Gain the skills for a legal career that's ethical and effective.
With a bachelor's degree in Legal Studies, you will be prepared to move into one of the fastest growing careers in the legal field: Paralegal. The program highlights personal development, the cultivation of academic abilities and the exploration of a coherent, integrated body of knowledge drawn from the legal curriculum. Coupled with the liberal arts education, the program also provides students with the ethical, analytical, oral and written communication skills necessary to be successful in law school and beyond.
Thinking about law school? Complete three years of study at Ursuline, followed by three years in a partner law school to earn your bachelor’s and law degrees in six years rather than seven.

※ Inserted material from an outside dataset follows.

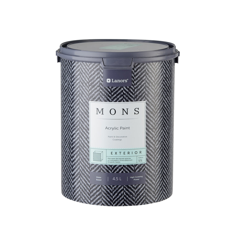 Mons Exterior 5 л — прочная фасадная краска для защиты и отделки кирпичных, штукатурных и деревянных поверхностей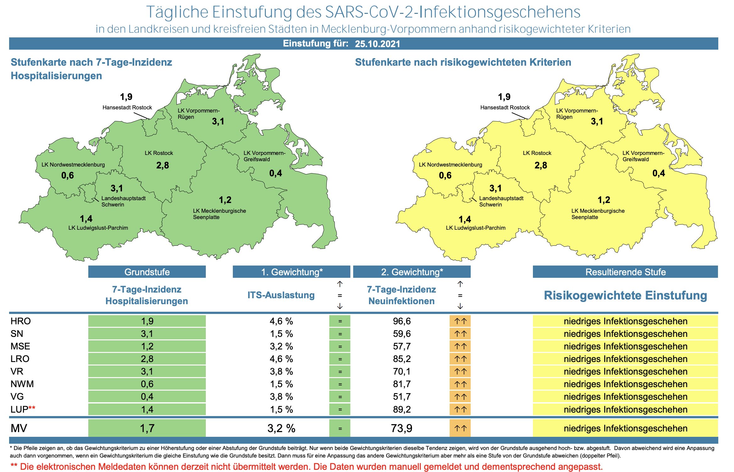 Die Hospitalisierung in ganz Mecklenburg-Vorpommern ist leicht gestiegen und liegt heute bei 1,7 (gestern 1,6 ). Die Inzidenz des Landes ist ebenfalls gestiegen und liegt bei 73,9 (gestern 71,8). Das Land Mecklenburg-Vorpommern meldet heute 94Neuinfektionen und sechs neue Todesfälle.

You’ll launch your legal career sooner, for a faster return on investment.
American Bar Association Approved
Ursuline’s Legal Studies program is the only BA degree program in the Greater Cleveland area that is approved by the American Bar Association.

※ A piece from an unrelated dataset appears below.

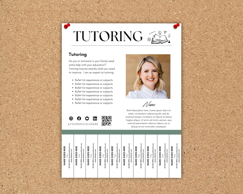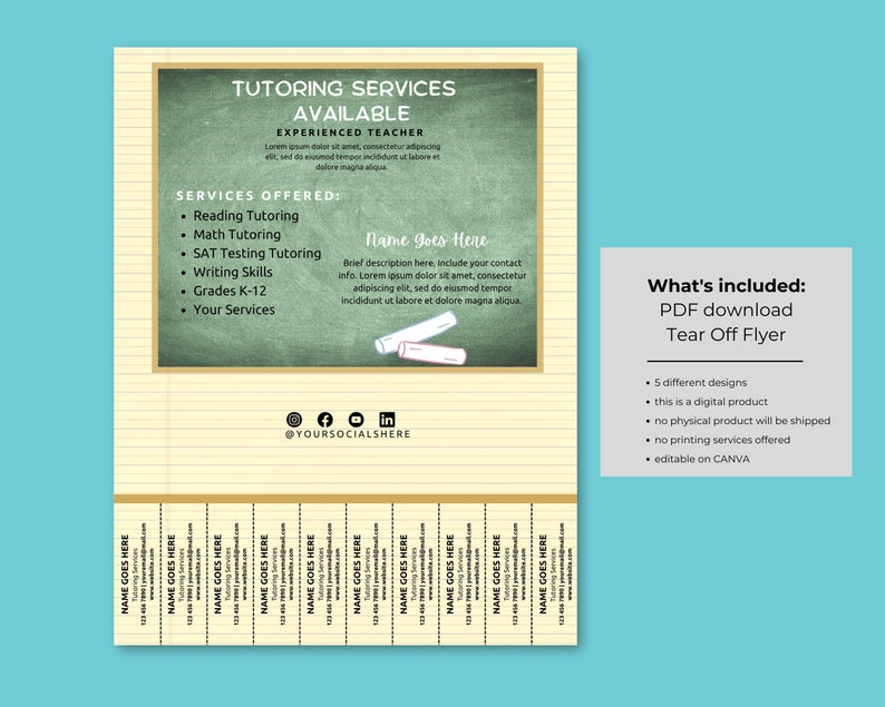 Customizable Tutoring Tear off Flyer Template DIY Canva Design

Increased litigation and the demand for accessible, specialized legal services have made the paralegal profession one of the fastest growing careers. In fact, Cleveland is the 10th best market for legal professionals in the United States.
Paralegals handle many duties that attorneys once handled: drafting documents, communicating with clients, corresponding with opposing counsel, managing investigations, and more. As a paralegal, you won’t be able to give legal advice, but you will have the chance to rise into management positions, free-lance, and do meaningful work in a variety of industries. Paralegals can be employed in various law office practice areas, insurance companies, hospitals, banks, title firms, and governmental agencies.
Nearly all graduates of Ursuline’s legal studies program are working in the legal field, and many have been promoted to positions of greater authority. Many others have continued on to law school and are employed as successful attorneys and judges.
Paralegals may not give legal advice, sign court pleadings or represent a client in court. Paralegals may not provide legal services directly to the public except as permitted by law.